Companies that are quicker to file their financial reports will see more significant share price increases than those that report after a lag, research into the use of ‘natural language processing’ (NLP) has shown.
The researchers found that annual and quarterly reports that were subject to a “reporting lag” – even if only a few days – tended to be linked with more negative phrasing throughout the report and with a lower level of similarity to the previous report by the same company.
A connection to future stock returns was found, with slower-filing companies shown to “measurably underperform” those that filed promptly.
One possible explanation according to Karim Bannouh, senior European equity portfolio manager at NN Investment Partners (NNIP), is that making changes to a report takes time, especially if a company is trying to manipulate how it is perceived or highlight certain elements.

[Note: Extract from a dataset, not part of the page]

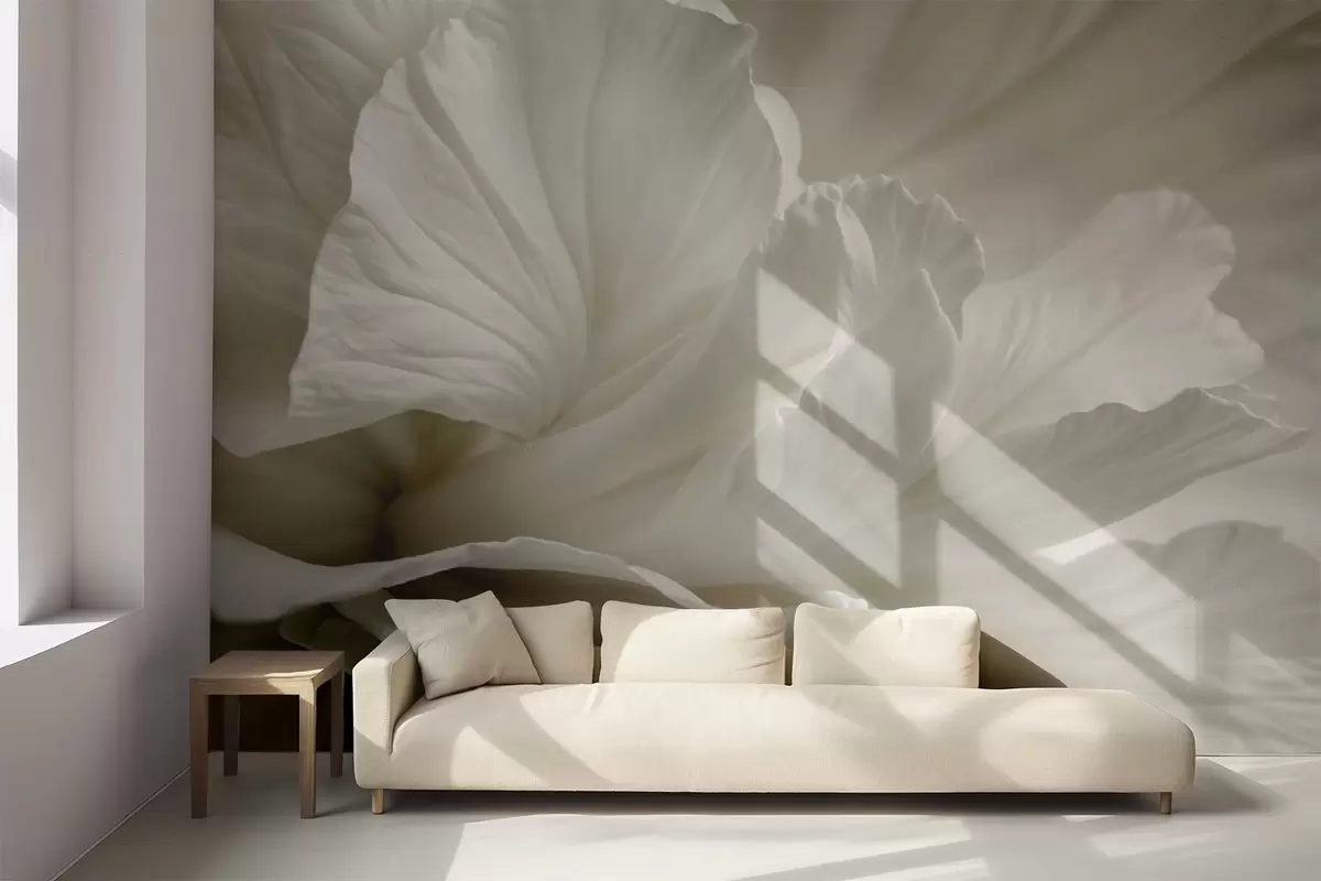 Wall murals Abstract minimalistic print of delicate white flower with soft, velvety petals Nr. w08424

NNIP carried out the research along with Bas Peeters, visiting fellow at the Vrije Universiteit Amsterdam.
NLP techniques were used to calculate the tone of a report’s text and the changes between sequential quarterly and annual reports from the same company, and this was seen to have predictive power for future stock returns.
Another possible reason is that faster-filing companies are ones that can process information more quickly and efficiently, which has positive implications for business operations.
“The timeliness of submission could be a proxy for the company’s efficiency,” added Bannouh. “There’s less congestion in firms that can process information more rapidly.”
Size of the company is not a factor. Derek Geng, data scientist at NN IP, said: “We’ve frequently encountered the assumption that our findings could be attributable to a size bias. This is because larger companies usually have more human capital and therefore process information more quickly. But even if we analyse large-cap and small-cap universes separately, we find that firms that file faster enjoy significantly higher stock returns than slower-filing companies.”
NN IP’s European Equity team is already making use of the finding and also argues that the research points to new possibilities for incorporating sentiment analysis and NLP into investment decisions, including environmental, social and governance factors, as these areas are “more subjective and harder to quantify”.